We agree with Judge Goolsby that the Ordinance establishes a procedure that permits the DRC and the Board on appeal to approve a development plan although it proposes the removal of some protected live oak trees. In our view, the fact that Section 5.2.7(B) says that approval to remove endangered trees will not normally be granted simply limits the discretion of the DRC initially, and the Board on appeal, in approving a development plan where endangered trees are proposed for removal. We do not read this section as prohibiting the DRC and Board from approving a plan involving the removal of any endangered trees. Each part of a statute should be given effect and each word given its plain meaning if this can be accomplished by any reasonable construction. Higgins v. State, 307 S.C. 446, 415 S.E. (2d) 799 (1992).

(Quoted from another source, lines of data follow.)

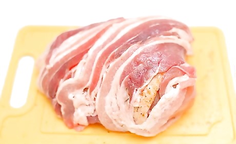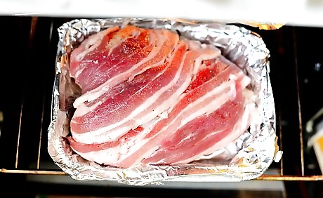 Lay the bacon over the top of the turkey crown. Get out 10 strips of bacon and lay each strip over the top of the turkey crown so the turkey is completely covered. The bacon will keep the turkey from drying out and will become crisp as it bakes.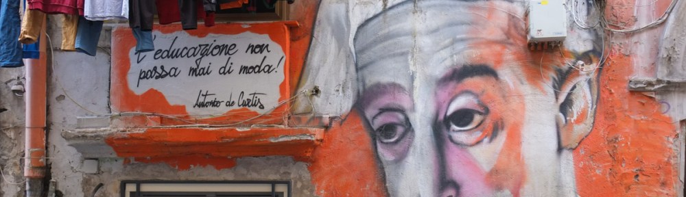 mural in Naples, man's portrait, of Toto the actor, beside a clothes line with laundry, also text in Italian that says L’educazione non passa mai di moda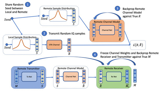 An overview of the training procedure is illustrated in Figure 5, where in stage 1, the initialisation of the training procedure requires that both an origin transmitter and remote receiver share the same random seed. This is used to draw continuous IQ samples of desired block length K from the uniform distribution . We emphasise that the random sequence S is not an information-carrying modulation. In stage 2, the random sequence is transmitted from the origin transmitter to the remote receiver, producing channel symbols R. A batch size of 128 blocks is collected prior to training the channel model. Backpropagation is applied in stage 3 to train the remote channel model against the true channel symbols R using the NLL loss. Stage 4 performs end-to-end training of the transmitter and receiver on the receiver side using the trained channel model, without the need for a feedback channel.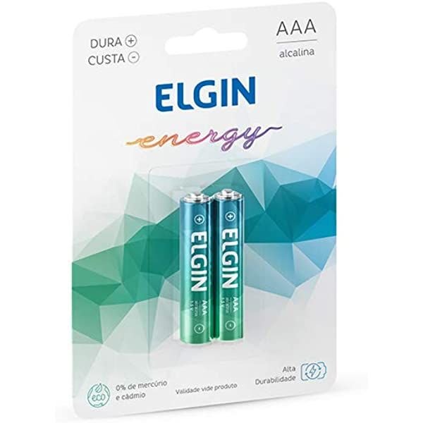 A Pilha Alcalina AA Elgin tem 1,5V de tensão e cada embalagem vem com 2 unidades.

To interpret the Ordinance to totally prohibit the removal of even one live oak tree as claimed by the appellants, or to permit the removal of up to seventy-five percent of such trees as contended by respondents, would nullify the Ordinance’s expressed mandate to the DRC and Board to severely limit the number of trees permitted to be removed when approving development plans.3

We have searched the appellants’ brief for an argument for reversal of the trial court based on the proposition the Board’s approval of the development plan was arbitrary, clearly erroneous and/or influenced by error of law. Under their argument Number III, the appellants state:

[The Board] nevertheless concluded that “. . . [t]he tree removal proposed by the Developer’s plan is not ‘excessive’ as a matter of law, either as to the number or type of trees” (reference to record omitted). Since no finding of fact addresses the issue of “endangered or valued trees” as defined in the [ordinance], this conclusion of law is simply not supported by any evidence and is arbitrary, capricious and clearly erroneous. Hodge v. Pollock, 75 S.E. (2d) 752 (1953).

*237We hold that this argument preserves the issue of whether the Board’s approval of the development plan as it pertains to the live oak trees is arbitrary, capricious, clearly erroneous and/or influenced by error of law. We further hold that the Board’s decision to permit removal of over 52 percent of the protected live oak trees was arbitrary and clearly erroneous in view of the clear mandate in the Ordinance to “not normally” permit any endangered trees to be removed. This is especially so in view of the fact that the Board enumerated no circumstances surrounding this development that would compel it to deviate from what is normal or usual in approving plans requiring the removal of endangered trees. Finally, as we read the Board’s conclusions of law, they make no distinction between protected live oak trees and other protected trees. The board appears to have concluded it had authority to approve for removal up to 75 percent of all endangered and valued trees. Such a conclusion is influenced by an error of law.

Accordingly, we reverse the order of the trial court to the extent it affirmed the Board’s decision to permit the removal of the 47 live oak trees from the site proposed for development.

The judgment is

Affirmed in part, reversed in part, and remanded.

Connor, J., concurs. Goolsby, J., concurs and dissents in separate opinion.

Actually, the application was first made to the Zoning and Development Administrator. However, Section 6.4 of the Ordinance requires approval by the DRC before the Administrator could issue the permit. Additionally, Section 7.9 of the Ordinance establishes a procedure for a public hearing before the DRC when “the issues raised by the proposed development, in the judgment of the Development Review Committee, have sufficient County-wide impact as to warrant public discussion.” A public hearing was held in this case.

The ultimate question presented here is whether the land in question may be used for a supermarket in accordance with the plans presented. However, in order to decide that question, construction of the ordinance is necessary to determine its requirements.

Section 7.5.3.1(B)(10) states “It is the expressed intent of this Ordinance that every effort be made in the design and layout of development projects to conserve as many trees as possible.”